Listed entries.
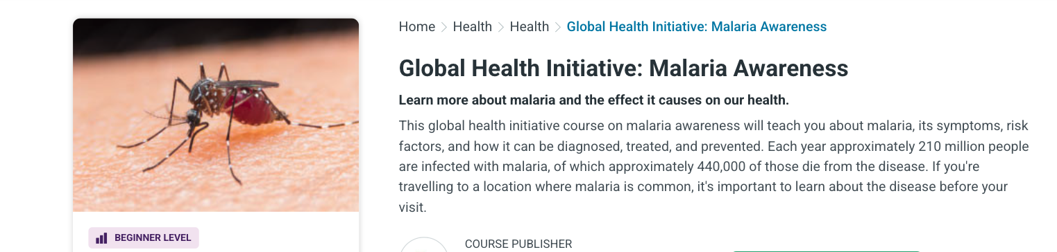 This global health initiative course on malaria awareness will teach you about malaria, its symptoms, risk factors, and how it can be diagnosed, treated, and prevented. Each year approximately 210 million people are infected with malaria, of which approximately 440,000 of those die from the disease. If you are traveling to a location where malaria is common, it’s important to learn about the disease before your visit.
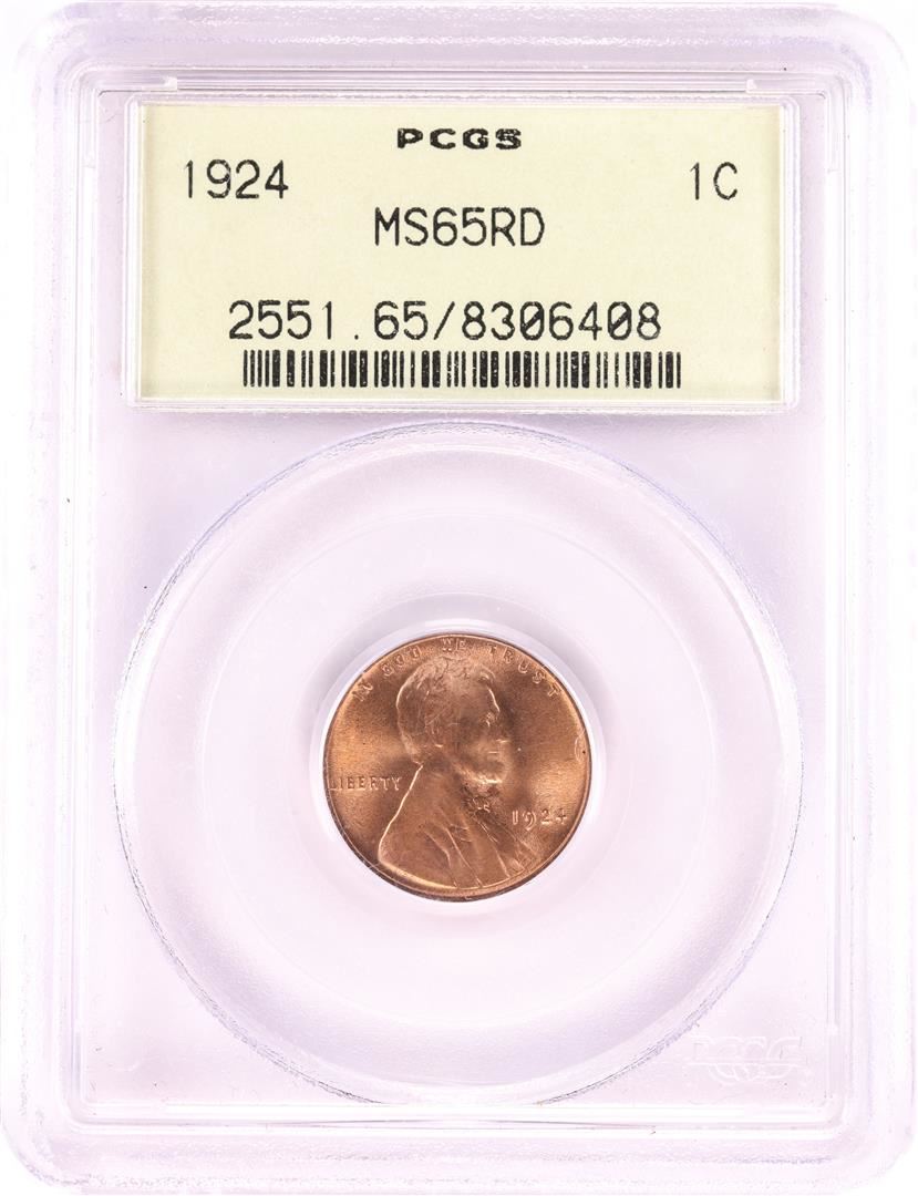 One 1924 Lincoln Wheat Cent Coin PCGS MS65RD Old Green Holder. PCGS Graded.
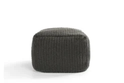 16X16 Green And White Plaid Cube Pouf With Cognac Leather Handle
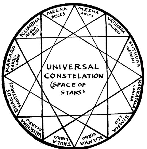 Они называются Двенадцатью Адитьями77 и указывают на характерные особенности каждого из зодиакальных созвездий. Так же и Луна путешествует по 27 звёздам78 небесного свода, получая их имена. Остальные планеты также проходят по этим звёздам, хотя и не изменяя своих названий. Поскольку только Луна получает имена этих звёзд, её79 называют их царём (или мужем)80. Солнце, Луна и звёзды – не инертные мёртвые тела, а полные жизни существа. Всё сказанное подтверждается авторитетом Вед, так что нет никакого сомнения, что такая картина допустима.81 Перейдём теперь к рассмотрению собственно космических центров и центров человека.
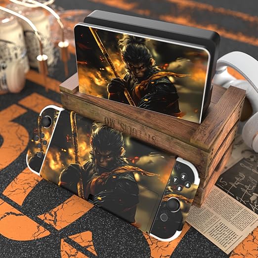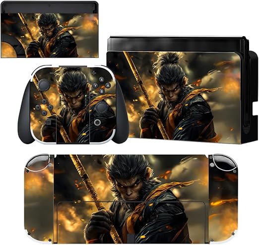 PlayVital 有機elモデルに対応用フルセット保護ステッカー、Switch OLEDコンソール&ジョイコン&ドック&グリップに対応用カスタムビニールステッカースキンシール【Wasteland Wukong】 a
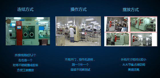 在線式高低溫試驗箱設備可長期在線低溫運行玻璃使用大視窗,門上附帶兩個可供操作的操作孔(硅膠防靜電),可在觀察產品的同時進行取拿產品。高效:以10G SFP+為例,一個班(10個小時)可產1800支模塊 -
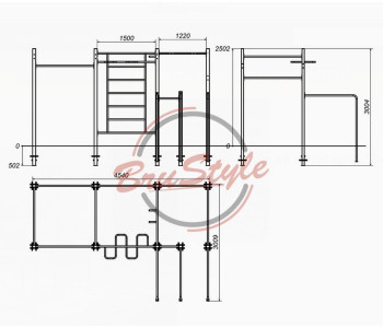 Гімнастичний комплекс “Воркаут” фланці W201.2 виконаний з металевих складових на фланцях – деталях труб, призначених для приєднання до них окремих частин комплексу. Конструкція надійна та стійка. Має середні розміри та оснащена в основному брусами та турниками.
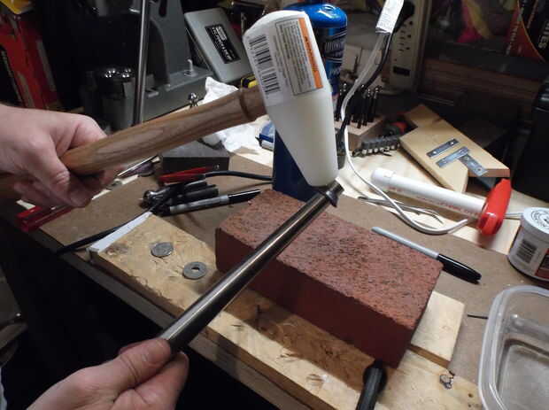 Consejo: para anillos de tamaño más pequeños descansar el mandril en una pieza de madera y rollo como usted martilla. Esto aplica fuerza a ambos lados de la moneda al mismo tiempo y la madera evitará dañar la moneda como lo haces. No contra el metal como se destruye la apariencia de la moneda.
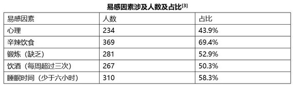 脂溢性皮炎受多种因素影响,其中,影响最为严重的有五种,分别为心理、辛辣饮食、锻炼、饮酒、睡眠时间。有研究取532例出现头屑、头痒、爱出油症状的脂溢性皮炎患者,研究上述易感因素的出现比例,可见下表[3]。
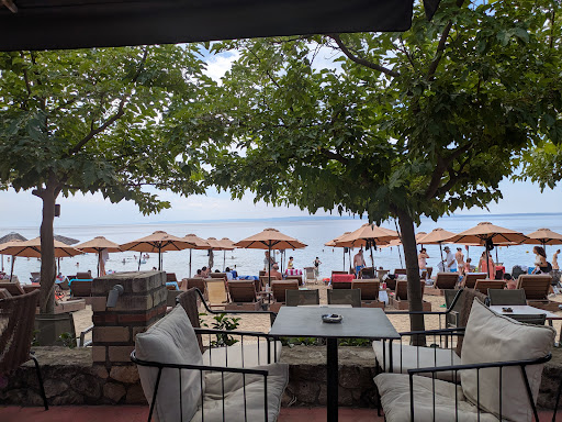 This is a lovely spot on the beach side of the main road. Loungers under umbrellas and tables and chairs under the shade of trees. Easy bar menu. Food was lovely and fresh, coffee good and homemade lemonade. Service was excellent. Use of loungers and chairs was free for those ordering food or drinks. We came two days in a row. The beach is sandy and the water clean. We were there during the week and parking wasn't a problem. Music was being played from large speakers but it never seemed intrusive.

==

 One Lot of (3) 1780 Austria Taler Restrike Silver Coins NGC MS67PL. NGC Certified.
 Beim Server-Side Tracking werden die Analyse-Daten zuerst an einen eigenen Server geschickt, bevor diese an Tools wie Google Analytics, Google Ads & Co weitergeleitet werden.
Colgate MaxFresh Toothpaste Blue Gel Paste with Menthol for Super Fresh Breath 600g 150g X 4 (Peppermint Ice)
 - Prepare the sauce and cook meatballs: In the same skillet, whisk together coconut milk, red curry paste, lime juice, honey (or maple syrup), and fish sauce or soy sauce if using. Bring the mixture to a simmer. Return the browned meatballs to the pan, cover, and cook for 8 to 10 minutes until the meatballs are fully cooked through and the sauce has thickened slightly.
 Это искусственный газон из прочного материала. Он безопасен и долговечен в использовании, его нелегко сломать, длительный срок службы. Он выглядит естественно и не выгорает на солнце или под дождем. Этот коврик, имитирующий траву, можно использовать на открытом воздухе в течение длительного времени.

--

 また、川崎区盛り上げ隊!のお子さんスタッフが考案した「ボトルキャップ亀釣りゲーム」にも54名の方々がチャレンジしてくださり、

Task brief. Everything between and including the line above containing "One 1924 Lincoln" and the line containing "16X16 Green And" should be reproduced exactly, with pictures excluded.

Reply.
 One 1924 Lincoln Wheat Cent Coin PCGS MS65RD Old Green Holder. PCGS Graded.
 16X16 Green And White Plaid Cube Pouf With Cognac Leather Handle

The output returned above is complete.